The State of our Nation
2010 has not begun well for the leopard in South Africa, and
especially not in its Eastern Cape Province. Neither has it done
so for any other top predator species, worldwide, nor for that
matter any of our biodiversity. Cultural pursuits, with its
accompanying regalia as above, do not help such matters.
-
2000 years ago more than a
million lion roamed Africa, in the 1940 this number was
around 450 000, and today it is estimated that 20 000 remain
as free ranging top predators! (2010, National Geographic)
-
3 200 tigers are estimated to
remain in the wilds today, half of what remained a decade
ago (2010, BBC). This is the so-called year of the tiger,
and it may in fact be one of the last for the species. There
are reports of a continued decline in these animals' numbers
in the wild, both as a result of habitat destruction and
direct persecution.

©AFP
Apt artwork for the year of the tiger, by artist Cai Quo-qiang!?
-
We can speak equally of
cheetah, hyenas, snow leopards, clouded leopards,
orang-utans, gorillas, chimpanzees, the wolf, and many other
species.
These statistical trends can be
repeated for most species occupying the apex of the food pyramid
and many on other trophic levels, yet the cavalier and arrogant
behaviour towards our natural world continues. While researchers
and project managers, by the nature of their work, are only ever
regionally active, when the global plight of our ecosystems is
considered, the situation looks dire. While habitat loss and
competition for resources are the measurable variables involved,
the intangible and in our opinion the drivers to this are human
attitudes, a lack of ethics, greed and cultural pursuits. This
happens while many government and conservation bodies rush
headlong on the "politically correct" and "never on a Sunday"
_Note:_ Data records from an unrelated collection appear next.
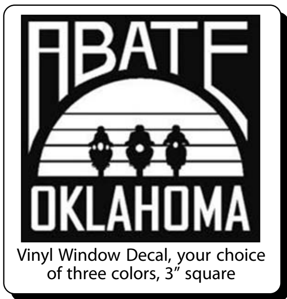
Vinyl Window Decal, your choice of three colors, 3" square
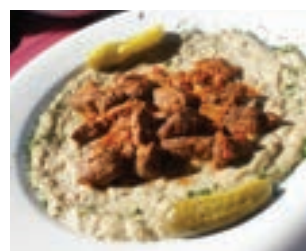
SULTANS DELIGHT LAMB
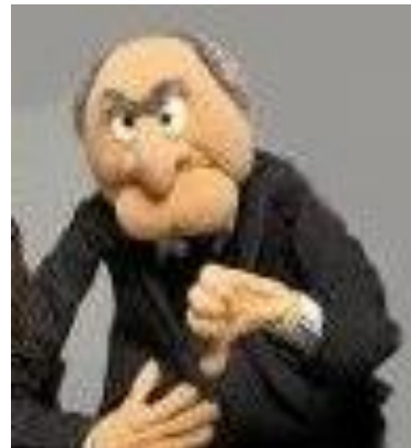
“He’s frozen solid you ding dong!”
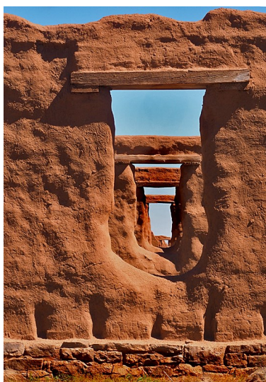
Storehouse Windows at Fort Union, NM
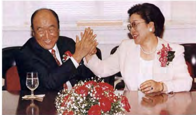
Father and Mother Moon 1st August 1996.

The Family Federation for World Peace and Unification is a global federation of individuals and families who aim to create a world of peace and unity beyond national, cultural, religious and ideological barriers, a world where everyone may live together in peace and harmony.

kind of approach to issues, with their glossy publications,
roundtable "stakeholder" meetings and big budgets, and little
action to conserve these species. Indeed it would appear that we
are on a path to oblivion, but certainly will be if ordinary
decent folk don‘t mobilise and speak out against this madness.
There are also many committed conservationists worthy of support
and encouragement, make it your business to do so.
Regionally, our recent research indicates that only 30-35
individual territorially dominant leopards remain in the 300 000
ha Baviaanskloof mega-reserve, Eastern Cape, South Africa, yet
some individuals in the region continue to relentlessly
targeting and killing them, and in the cases assisted by state
officials. Few are willing to speak out against this cultural
arrogance for fear of victimization.
Global black market trade in wildlife products is estimated at
US $10 billion annually (2010, World Bank). Further too, South
Africa boasted last week about a massive US$300 million trade
deal with China exporting, amongst other products, depleted or
threatened species in fish and abalone exports to China.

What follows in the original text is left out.